その後、自室に戻って上履きを履き非常口の鍵を開けて建物の外へ脱出し、ポイントへ移動。

この時、私は見張りを決めるジャンケンに

運悪く負けてしまった為、正面玄関側へ1人移動して監視を始めました。


私「チクショー、あの時グーを出してれば...(ーーメ」

一人寂しくボヤいていた私は「先公が来たら合図を出さずに

一人で逃げちゃろか(ーーメ」という危険な考えを持ちはじめました。

それでも「やっぱマズイか...」と気を取り直し邪念を振り払おうとした、その時!!


女子「キャァァァァァァァァァァァァァァァァァァァァァァァァァァァァァァァァァッ!!」


風呂場の方から女子の悲鳴が聞こえてきたんです。


私「あんのバカ共、見つかりやがった!!」

慌てた私は「まとまって動くと目立つから散開して逃げろ!!」と怒鳴り、

私自身も建物から一時遠ざかりました。

...10分ぐらい間を置いて裏口から入ろうとすると裏口前にみんなが突っ立っていました。


私「なにやってんだよ、入らないのか?」

S「ドアの鍵、閉められた...(T_T)」

この時、どういうわけか裏口の鍵が閉められていたんです。

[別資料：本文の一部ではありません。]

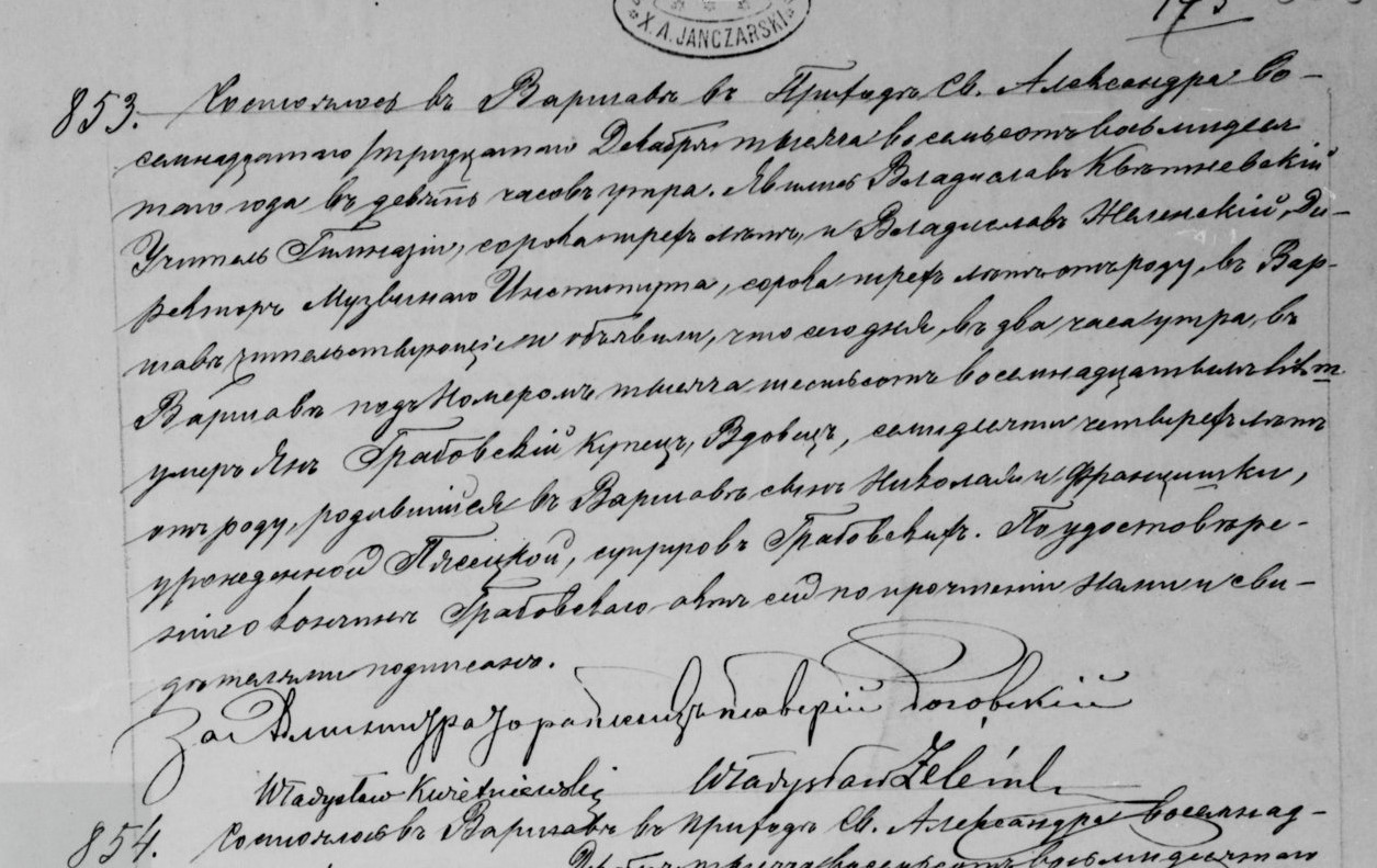 | genetekaz.11330881 | 30 | dec | 1880 | xpar.1442 | Akt zgonu: Warszawa św. Aleksander (obecn. m. Warszawa), 853/1880 http://localhost/mjm/aleksander_1880_158_109_0507.jpg [podglad] | Akt zgonu obecny w bazie Geneteka | ||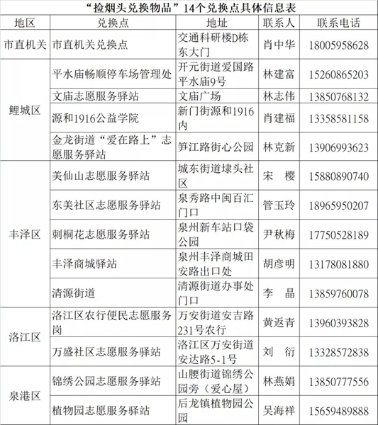 记者了解到,即日起,泉州市创城办、泉州市志愿者协会启动开展第二期的“烟头不落地、停车要有序”志愿服务暨烟头兑换活动,以固化群众讲卫生、守秩序的行为习惯,推动创建工作的常态长效。

(犯人は未だ不明)


Y「もうダメだ、玄関から入るしかないよ...(T_T)」

S「玄関から行けば捕まるだろうな、確実に...(T_T)」

私は「しかたないか...ここにいつまでいたってしょうがない」と肩をすくめて、

皆を玄関に行く様に促そうとすると、Nが小刻みに震えながら泣いているのが見えました。


私「N、どうした?」

N「ううっ、うっ(T_T)」

私「泣いてちゃ分からんだろ? ん?(^^)」


私がNの泣いている理由を確かめようと優しく言葉を掛けてやると横からYが口を出してきました。


Y「さっきさぁ、女子に見つかって慌てて逃げたろ?」

私「あぁ、それが何か?」

Y「実は俺達、Nに最初に覗かせてやろうとしたんだけどさぁ、

Nが窓に近づいた時に急に窓が開いたんだよ」

私「えぇっ、それで?」

Y「そしたらさぁ、窓を開けたのが『H野』でさ、Nと思いっきり目線が合っちゃって...(ーー;」

私「..............そうか..(ーー;」


私達は「あまりの偶然(滅)」に声が出ませんでした。

...その後、私達は正面玄関から建物に入ろうとして教師に捕まり、

一晩中の正座を申し渡されたのでした。


廊下に正座をして1時間程が経った頃でしょうか、Sが口を開きました。


S「なぁ『あの伝説』って、やっぱり本当だったんだな...」

Y「伝説?」

S「あぁ...」

Sの一言で何を言いたいのか悟った私も話に加わりました。


私「なるほどね、確かにそうだな『初恋は実らない』って(ーー;」


...私達の無責任な会話にNがキレたのは言うまでもありません。